[[ INFORMATION SUPPLIED, beginning ]]
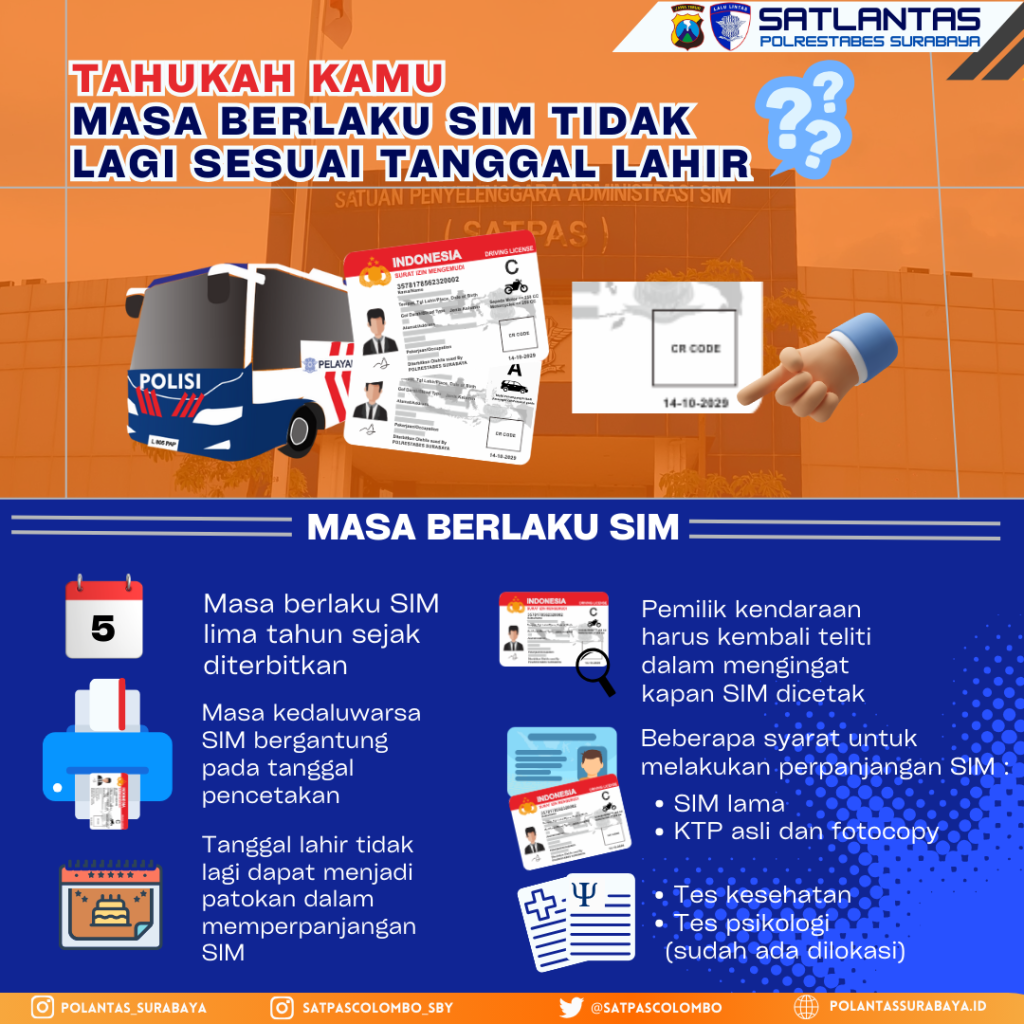 Penting: Aturan Masa Berlaku SIM Terbaru Masyarakat diingatkan bahwa masa berlaku SIM adalah lima (5) tahun sejak tanggal diterbitkan. Masa kedaluwarsa SIM kini bergantung pada tanggal pencetakan, bukan lagi tanggal lahir. Pemilik kendaraan harus teliti dan mengingat kapan SIM dicetak saat akan melakukan perpanjangan.
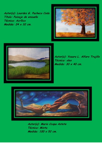 Autor(a): Lourdes G. Pacheco Coda Título: Paisaje de ensueño Técnica: Acrílico Medida: 24 x 32 cm. Autor(a): Ysaura L. Alfaro Trujillo Técnica: oleo Medida: 30 x 40 cm. Autor(a): Mario Ccopa Astete Técnica: Mixta Medida: 100 x 52 cm.
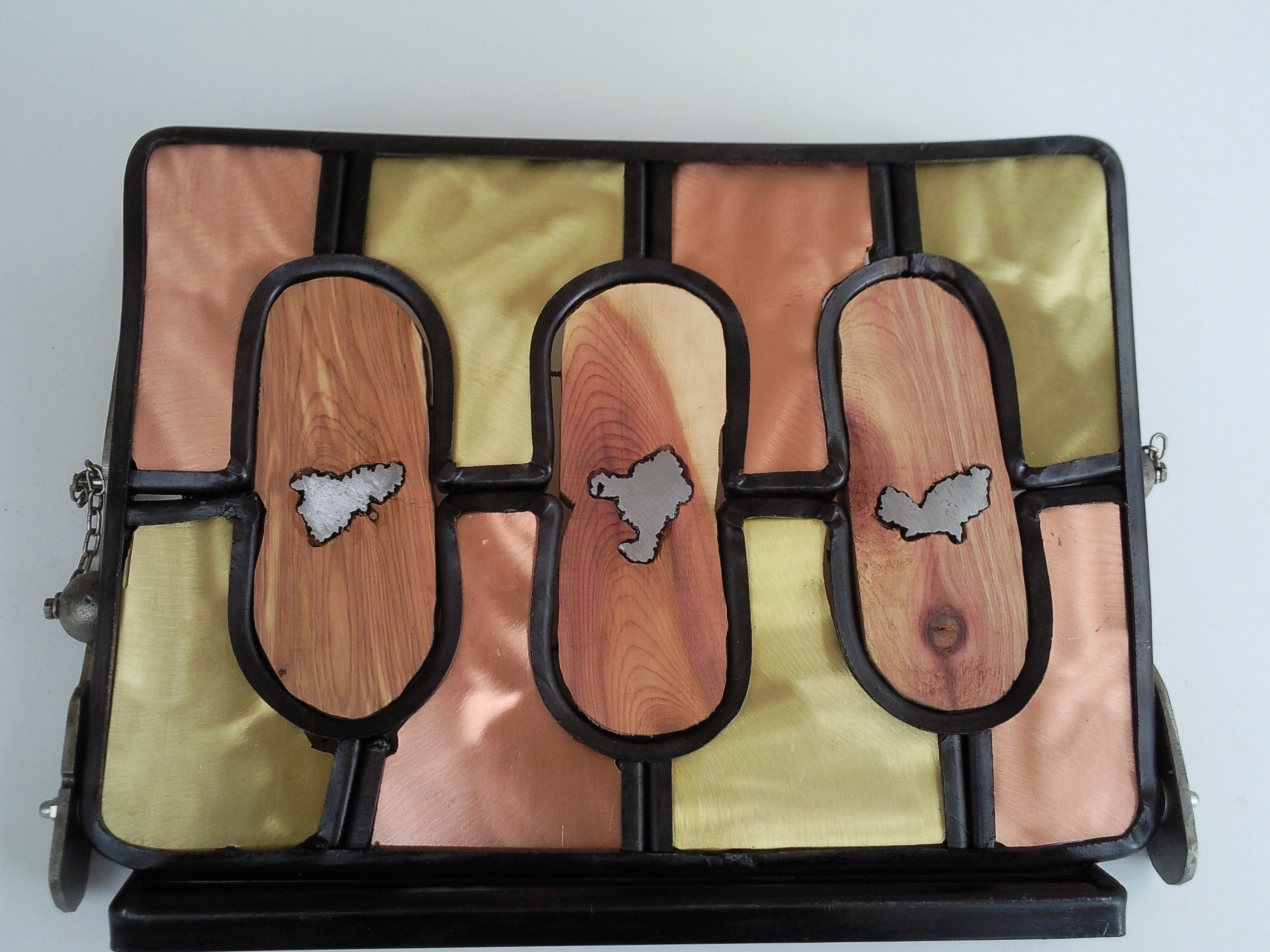 Com sabeu molts, faig de tant en tant escapades a coses que no son joieria…forja o altres metalúrgies, lamentablement no tant sovint com voldria. Aquesta peça la vaig fer l´any passat, i reconec que m´ha quedat una cosa molt rara. La ceràmica central son dos peces d´antiquari, del segle XIX, ja així enmarcades, que vaig comprar a una amiga en una subhasta. Em vaig enredar a afegir-hi peces metaliques (son perfils de planxa d´acer, llautó i alumini fresats), i de cop em van fer adonar que estava fent una espècie de quadre al revés, cap a fora. Tot i això m´agrada el resultat, i està penjat al menjador de casa amb diversitat d´opinions per part dels moradors. Espero que us agradi.
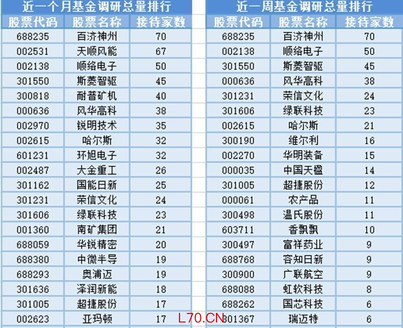 从个股调研情况上来看,最近1个月(2月1日-3月3日)最受公募基金关注的是百济神州,百济神州属于化学制药行业,主营业务为研究、开发、生产以及商业化创新型药物。共有70家基金管理公司参与调研,其次是天顺风能和顺络电子,分别接受67家、50家基金管理公司的调研。
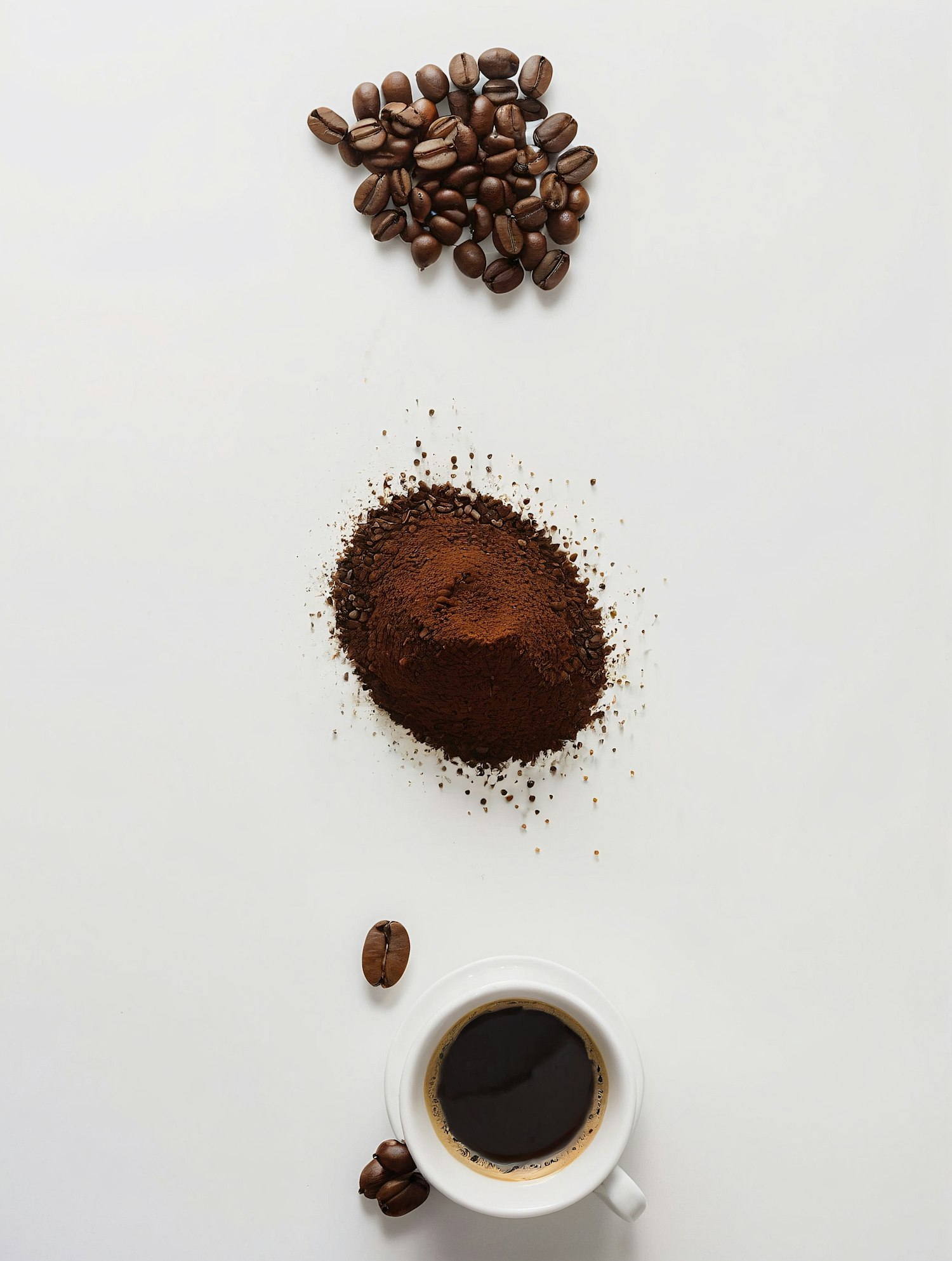 Minimalist coffee journey: beans, ground coffee, and a cup of black coffee on a clean white background. Perfect for coffee lovers.
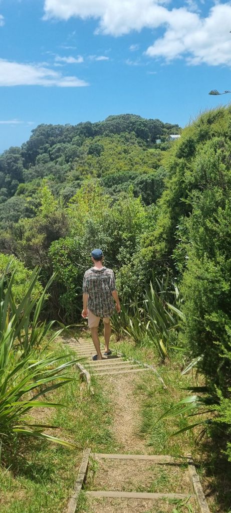 Nos tocó despedir a Chris de la isla, él partia a su aventura por NZ y a nosotros nos tocaba mudarnos a un hostel ecológico muy lindo, construido hace 30 años por una persona local. El plantó una selva con muchos arboles de frutas y vegetales. Como en todas las casas de la isla, el agua venia del techo, recojido de la lluvia. Íbamos a vivir ahí las últimas dos semanas en Nueva Zelanda, trabajando a full pero también disfrutando las playas paradisíacas después de trabajar. Leon se hizo amigo de los otros huespedes del hostel y salía con ellos a veces.
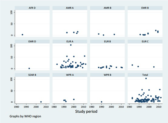 The numbers of studies conducted in declining order by decade were: 1990-1999 (36 studies), 2000-2009 (28 studies), 1980-1989 (14 studies), and 2010-2017 (5 studies). Most of the studies – 56 in total – were conducted in the European region (EUR A-39, EUR B-14, EUR C-3). Eastern Mediterranean Region (EMR) contributed 11 studies, American region (AMR) 8 studies, Western Pacific region 6 studies, while South East Asian (SEAR) and African regions (AFR) had only 1 study each. About two-thirds of selected studies were rated as high-quality with most of these (70.5%) conducted in the European region. See Appendix S1 in
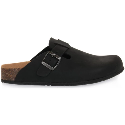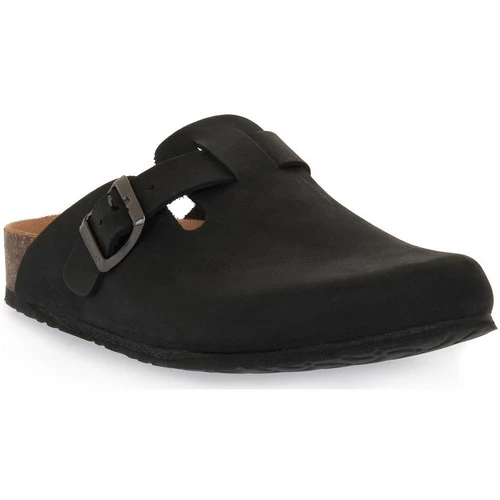 Sabot Bioline entiÚrement fabriqué en Italie avec tige en nubuck sans couture. Réglable, avec sangle avec boucle en métal. Semelle de forme anatomique en caoutchouc-liÚge, semelle en matériau thermoplastique mélangé liÚge. Couleur: Noir.
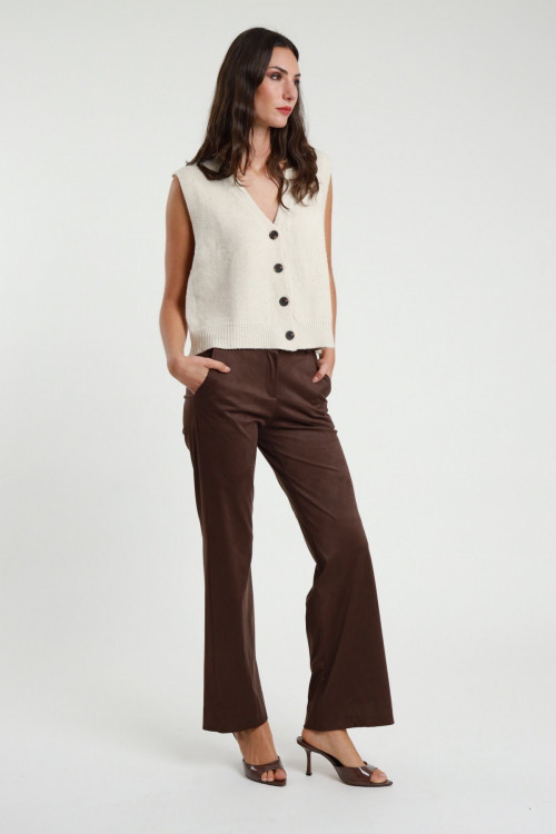 Pantaloni Gamba Dritta Scamosciati, Tasche Laterali e a Filetto sul Retro, Passanti in Vita.
[[ INFORMATION SUPPLIED, end ]]
**ASSIGNED TASK:** Your copy should hold every entry exactly as written, but none of the pictures.

**YOUR RESPONSE:**
 Penting: Aturan Masa Berlaku SIM Terbaru Masyarakat diingatkan bahwa masa berlaku SIM adalah lima (5) tahun sejak tanggal diterbitkan. Masa kedaluwarsa SIM kini bergantung pada tanggal pencetakan, bukan lagi tanggal lahir. Pemilik kendaraan harus teliti dan mengingat kapan SIM dicetak saat akan melakukan perpanjangan.
 Autor(a): Lourdes G. Pacheco Coda Título: Paisaje de ensueño Técnica: Acrílico Medida: 24 x 32 cm. Autor(a): Ysaura L. Alfaro Trujillo Técnica: oleo Medida: 30 x 40 cm. Autor(a): Mario Ccopa Astete Técnica: Mixta Medida: 100 x 52 cm.
 Com sabeu molts, faig de tant en tant escapades a coses que no son joieria…forja o altres metalúrgies, lamentablement no tant sovint com voldria. Aquesta peça la vaig fer l´any passat, i reconec que m´ha quedat una cosa molt rara. La ceràmica central son dos peces d´antiquari, del segle XIX, ja així enmarcades, que vaig comprar a una amiga en una subhasta. Em vaig enredar a afegir-hi peces metaliques (son perfils de planxa d´acer, llautó i alumini fresats), i de cop em van fer adonar que estava fent una espècie de quadre al revés, cap a fora. Tot i això m´agrada el resultat, i està penjat al menjador de casa amb diversitat d´opinions per part dels moradors. Espero que us agradi.
 从个股调研情况上来看,最近1个月(2月1日-3月3日)最受公募基金关注的是百济神州,百济神州属于化学制药行业,主营业务为研究、开发、生产以及商业化创新型药物。共有70家基金管理公司参与调研,其次是天顺风能和顺络电子,分别接受67家、50家基金管理公司的调研。
 Minimalist coffee journey: beans, ground coffee, and a cup of black coffee on a clean white background. Perfect for coffee lovers.
 Nos tocó despedir a Chris de la isla, él partia a su aventura por NZ y a nosotros nos tocaba mudarnos a un hostel ecológico muy lindo, construido hace 30 años por una persona local. El plantó una selva con muchos arboles de frutas y vegetales. Como en todas las casas de la isla, el agua venia del techo, recojido de la lluvia. Íbamos a vivir ahí las últimas dos semanas en Nueva Zelanda, trabajando a full pero también disfrutando las playas paradisíacas después de trabajar. Leon se hizo amigo de los otros huespedes del hostel y salía con ellos a veces.
 The numbers of studies conducted in declining order by decade were: 1990-1999 (36 studies), 2000-2009 (28 studies), 1980-1989 (14 studies), and 2010-2017 (5 studies). Most of the studies – 56 in total – were conducted in the European region (EUR A-39, EUR B-14, EUR C-3). Eastern Mediterranean Region (EMR) contributed 11 studies, American region (AMR) 8 studies, Western Pacific region 6 studies, while South East Asian (SEAR) and African regions (AFR) had only 1 study each. About two-thirds of selected studies were rated as high-quality with most of these (70.5%) conducted in the European region. See Appendix S1 in
 Sabot Bioline entiÚrement fabriqué en Italie avec tige en nubuck sans couture. Réglable, avec sangle avec boucle en métal. Semelle de forme anatomique en caoutchouc-liÚge, semelle en matériau thermoplastique mélangé liÚge. Couleur: Noir.
 Pantaloni Gamba Dritta Scamosciati, Tasche Laterali e a Filetto sul Retro, Passanti in Vita.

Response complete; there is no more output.